Eileen Gonzalez: It's probably self-preservation. How bad must he smell under there after twenty years with the same hood on? The stench would probably kill everyone in a mile radius

Brian Cronin: How cool is the bit at the end where Thor explains why he can't just take the Black Knight's flying horse?

Eileen Gonzalez: Ah, yes, the ever honorable Thor. I think he's the one who suggested they let Namor get away because he fought well? But he won't steal a horse either, not even from a crook. And not even when it's a super cool horse that the Black Knight performed horrible experiments on in order to give him wings. Wait, maybe that's not so honorable after all

Brian Cronin: You can tell that Lee was worried that fans would assume that Thor was keeping the horse after Kirby showed him on it. So he threw in that weird, super natural dialogue. It's interesting that the Wasp notes that the Avengers spend a lot of time talking about their fights after the fact. Sort of makes it worse that their strategy remains "Just all run at them and do whatever comes natural" every time, huh?

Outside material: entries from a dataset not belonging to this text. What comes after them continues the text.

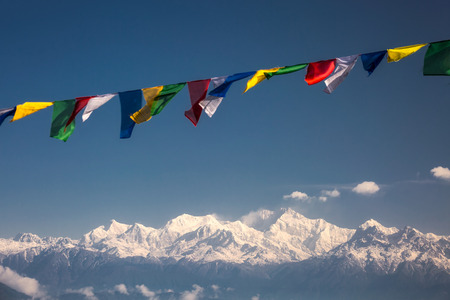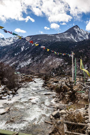 Tibetan prayer flags with Black mountain with snow on the top is background at Thangu and Chopta valley in winter in Lachen. North Sikkim, India.
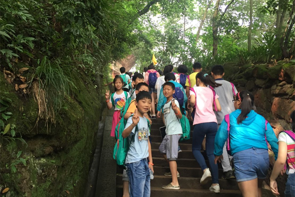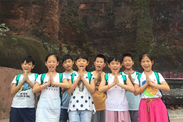 首先我们来到了乐山大佛。它坐落于乐山城东的岷江、青衣江、大渡河三江汇流处,是世界上最大的弥勒佛,素有“佛是一座山,山是一座佛”之称。传说有位高僧“海通法师”,因见这三江水汇聚之处常年惊涛拍岸,浪涌潮跃,过往船只无一幸存时,便立下宏誓:开凿佛像!欲以此佛像来仰仗其无边法而致暴浪为安流!后历尽了艰辛,终凿铸了这尊石佛坐像。 如此的毅力与善心,让孩子们受益匪浅。当我们徒步到山脚下时,孩子们远远的就惊呼起来——“看到了大佛了”,每个人都纷纷的拿出了自己的手机与大佛合影留念。当我们仰望那遥不可及的鼻尖的时候,铺面而来的渺小感瞬间侵袭心扉,让人沉浸于古时人类的卓越工程带来的震撼。
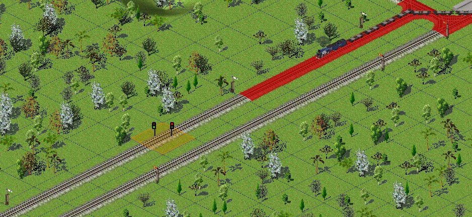 Der letzte Block auf der Steinstrecke ist länger als auf der Zementstrecke. Dadurch fährt der Steinzug zuerst am letzten "Signal" vorbei, und reserviert sich zuerst den nächsten Block, sofern dieser frei ist.
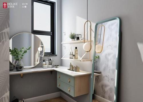 利用转角做成L型梳妆台,再搭配造型独特的搁板,可满足梳妆、收纳、展示等多种需求。
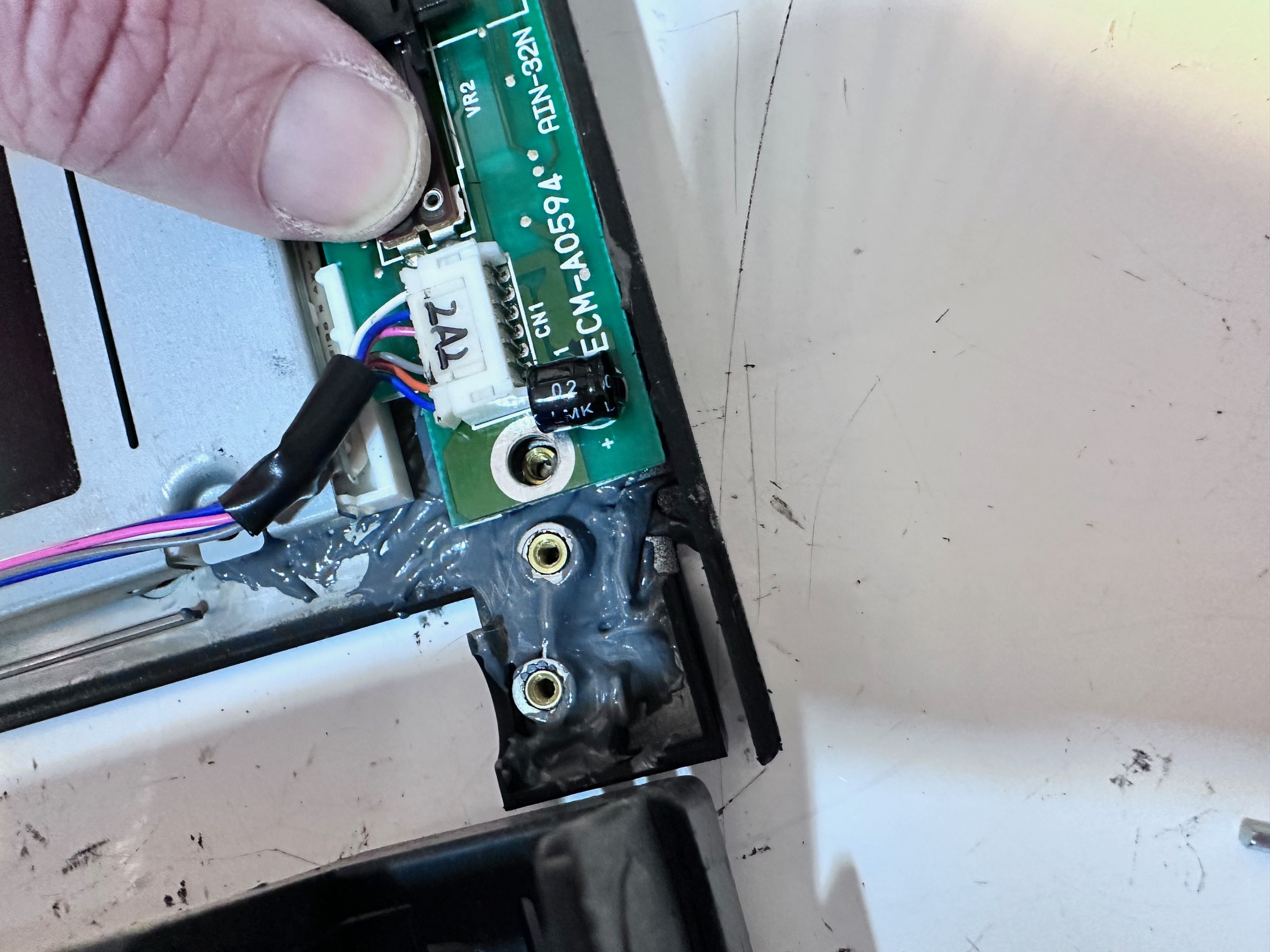 The smaller of the two-part DC board has two quite unusual aluminium electrolytic through-hole capacitors on it - 2 x 1.5uf 25v. These are virtually possible to find now in electrolytic and someone suggested they're just used for some kind of smoothing, so I replaced them with the closest I had - 1uf / 50v ones and the machine ran for a few hours without any issues. **Note you can actually get 1.5uf through-hole elecrolytics now from RSonline for cheap.
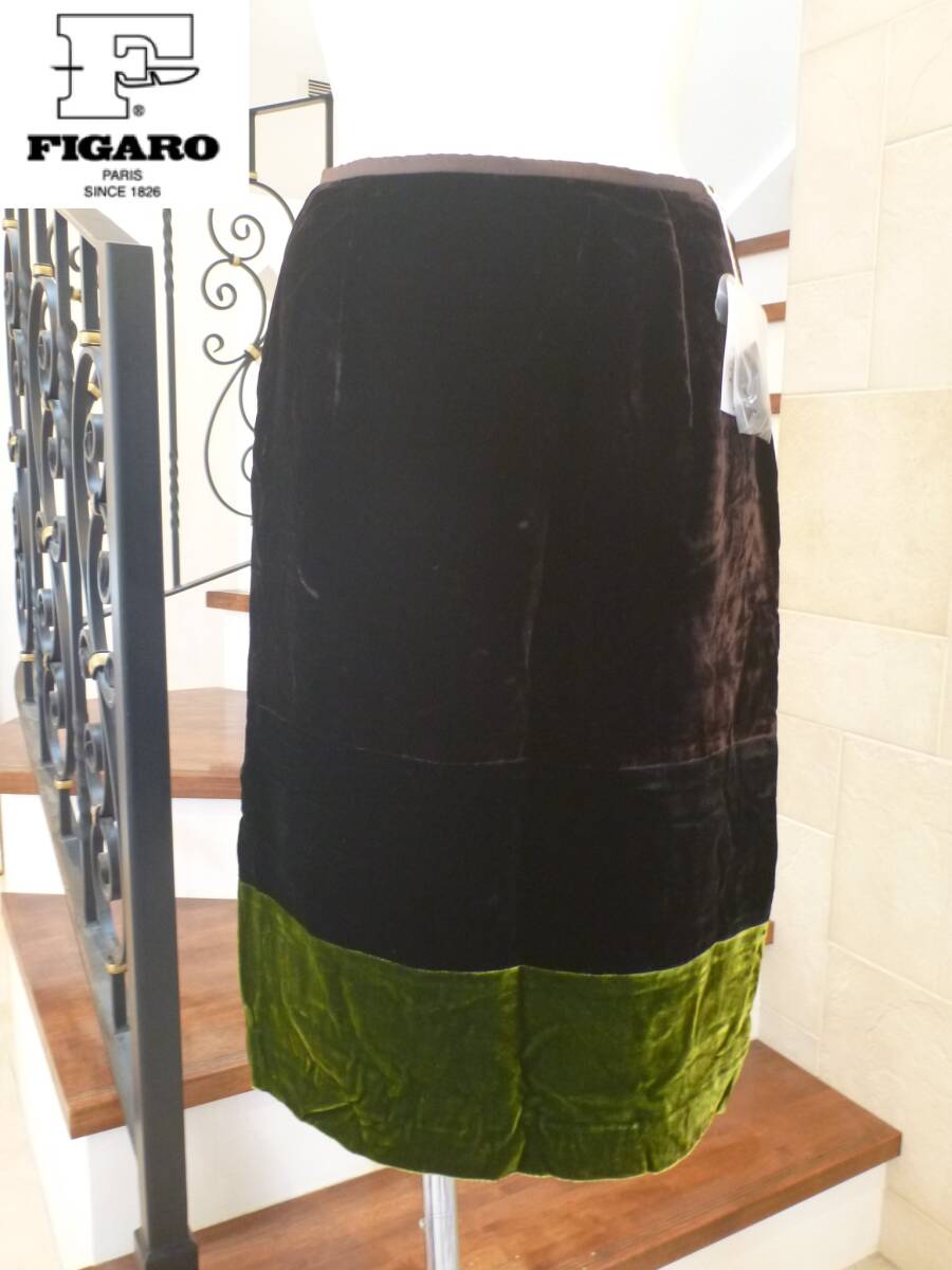新品 FIGARO(フィガロ)★ 茶×緑 ベロア スカート 38 S相当
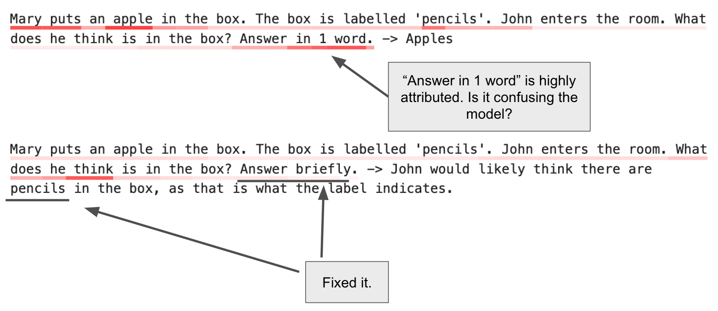 If we’re working with a language model like ChatGPT, we could actually just ask this in natural language: “Why did you respond that way?” or similar – but there’s no guarantee that the model’s natural language explanation actually reflects the underlying cause of the original completion. The model’s response is conditioned on your question, and might well be different to the true cause.
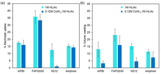The results from electrolyte uptake experiments and volume changes that membranes undergo after being immersed in both the supporting electrolyte and the CoW12 electrolyte are shown in Figure 1. Figure 1a shows that for all cases, the electrolyte uptake is slightly higher when membranes are immersed in the supporting electrolyte than that displayed by those immersed in the POM-based electrolyte. FAPQ330 exhibits the largest electrolyte uptake, both in the supporting electrolyte (35.8 ± 4.4%) and the CoW12 electrolyte (33.2 ± 5.0%). Conversely, mPBI and Amphion show lower uptake values than FAPQ330: 17.6 ± 1.0% in the supporting electrolyte and 16.0 ± 3.5% in CoW12 for mPBI, and 15.4 ± 1.3% in the supporting electrolyte and 14.3 ± 1.7% in CoW12 for Amphion. Finally, N212 exhibits the lowest uptake and, in contrast to the other membranes, considerably decreases in the presence of the POM (12.5 ± 4.3% vs. 0.9 ± 1.0%, respectively). This effect can be attributed to the electrostatic repulsion between the polyanion and the negatively charged polymeric backbone of the CEM N212.
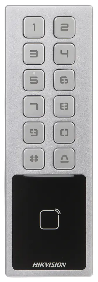 Wewnętrzny, autonomiczny zamek szyfrowy z czytnikiem RFIDUrządzenie pozwala na identyfikację użytkownika za pomocą karty RFID, kodu PIN, lub kombinacji powyższychW przypadku zastosowania aplikacji mobilnej HikCentral Access Control istnieje możliwość identyfikacji za pomocą interfejsu bluetooth
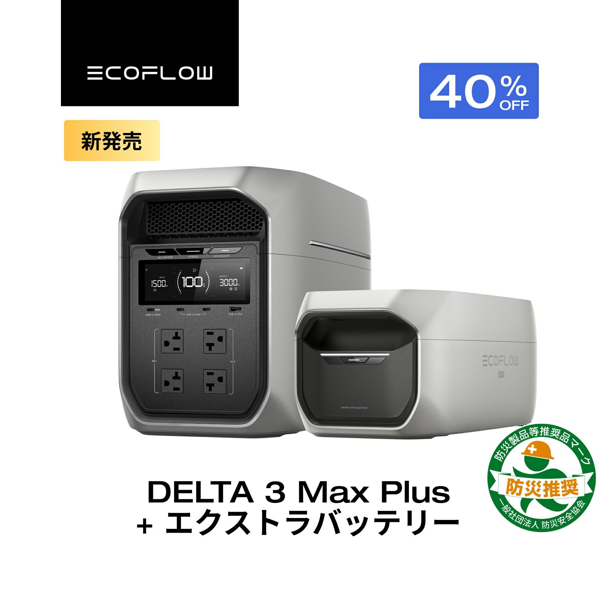 商品情報 製品 DELTA Pro ポータブル電源+ DELTA Pro 専用エクストラバッテリー ポイント1 【さらに容量拡張可能】 DELTA Pro(デルタプロ)ポータブル電源には専用の容量拡張バッテリーを最大2台接続することで、容量を10,800Whへと増やすことが可能です。これは停電時に必要な家庭の電力の約6日間の容量に相当し、あなた...

Eileen Gonzalez: Apparently "talking" in this case refers to "bragging" and not actually "let's review what we did right and wrong so we don't muck it up next time" Six issues in and they're still pretty disorganized. Fun to watch, but disorganized

Brian Cronin: It's all still a bit of a brilliant mess. But hey, with Jack Kirby and Stan Lee involved, it still works.

Eileen Gonzalez: Very much so! And I'm enjoying these new villains, as silly as they are. Aside from the Hulk, I think they're the recurring set of bad guys we've had--everyone else so far has been a one-off

Brian Cronin: I guess they sort of take the place of the Hulk, right? As the new recurring villain of the series. They're in #6-7 and then 9, 15-16

I guess that's not THAT frequent.

Eileen Gonzalez: Seems that way! And they are actual villain-villains. With the Hulk, it was always more of a misunderstanding

Or the Avengers being jerks

Brian Cronin: Or some sort of advertising stunt,

Eileen Gonzalez: Those gosh darn overzealous marketers!